香菇肉燥 Minced Meat with Mushroom
材料(约6人份)Ingredients (Approx. 6 servings):
猪搅肉 Minced meat    300 g
香菇 Mushroom            8 nos(洗净,泡发后切丁 Rinse, soak to rehydrate and cut into small cubes)
小红葱 Shallot              4 nos(切碎 Chopped)
蒜头 Garlic                     1 nos(切碎 Chopped)

调味料 Seasonings:
蚝油 Oyster sauce          2 tbsp
酱油 Light soy sauce      2 tbsp
黑酱油 Dark soy sauce  2 tsp
麻油 Sesame oil               2 tsp
绍兴酒 Shaoxing wine   2 tsp
白胡椒粉 White pepper powder   1 tsp
水 Water                          100 ml(香菇水Mushroom water 50 ml+清水 Plain water 50 ml)

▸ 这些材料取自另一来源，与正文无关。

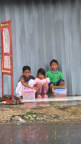 Saat aku bertanya kepada mereka, ternyata mereka tengah menjajakan dagangannya dan terpaksa berteduh karena hujan deras. Riski (14) merupakan anak tertua diantara mereka bertiga. Ia terpaksa berjualan bersama kedua adiknya Ridka (11) dan Salsa (7). Ketika aku coba bertanya lebih jauh, jawaban anak ini sungguh membuatku terpukul. “Jualan buat bantu ibu, karena ibu sedang sakit. Ayah saya sudah gak ada (meninggal)" Terang Riski.

玉米淀粉 Corn starch      适量 Some

做法 Method:
  1. 热锅下油,爆香小红葱和蒜米,加入香菇丁翻炒,再加入猪搅肉。Heat the wok with some oil, saute the chopped shallots and garlic, add in mushroom cubes and minced meat.
  2. 倒入调味料,焖煮至猪肉变熟,勾芡,即可盛起。Pour the seasonings in and cook til the minced meat is cooked. Add in corn starch water to thicken the sauce.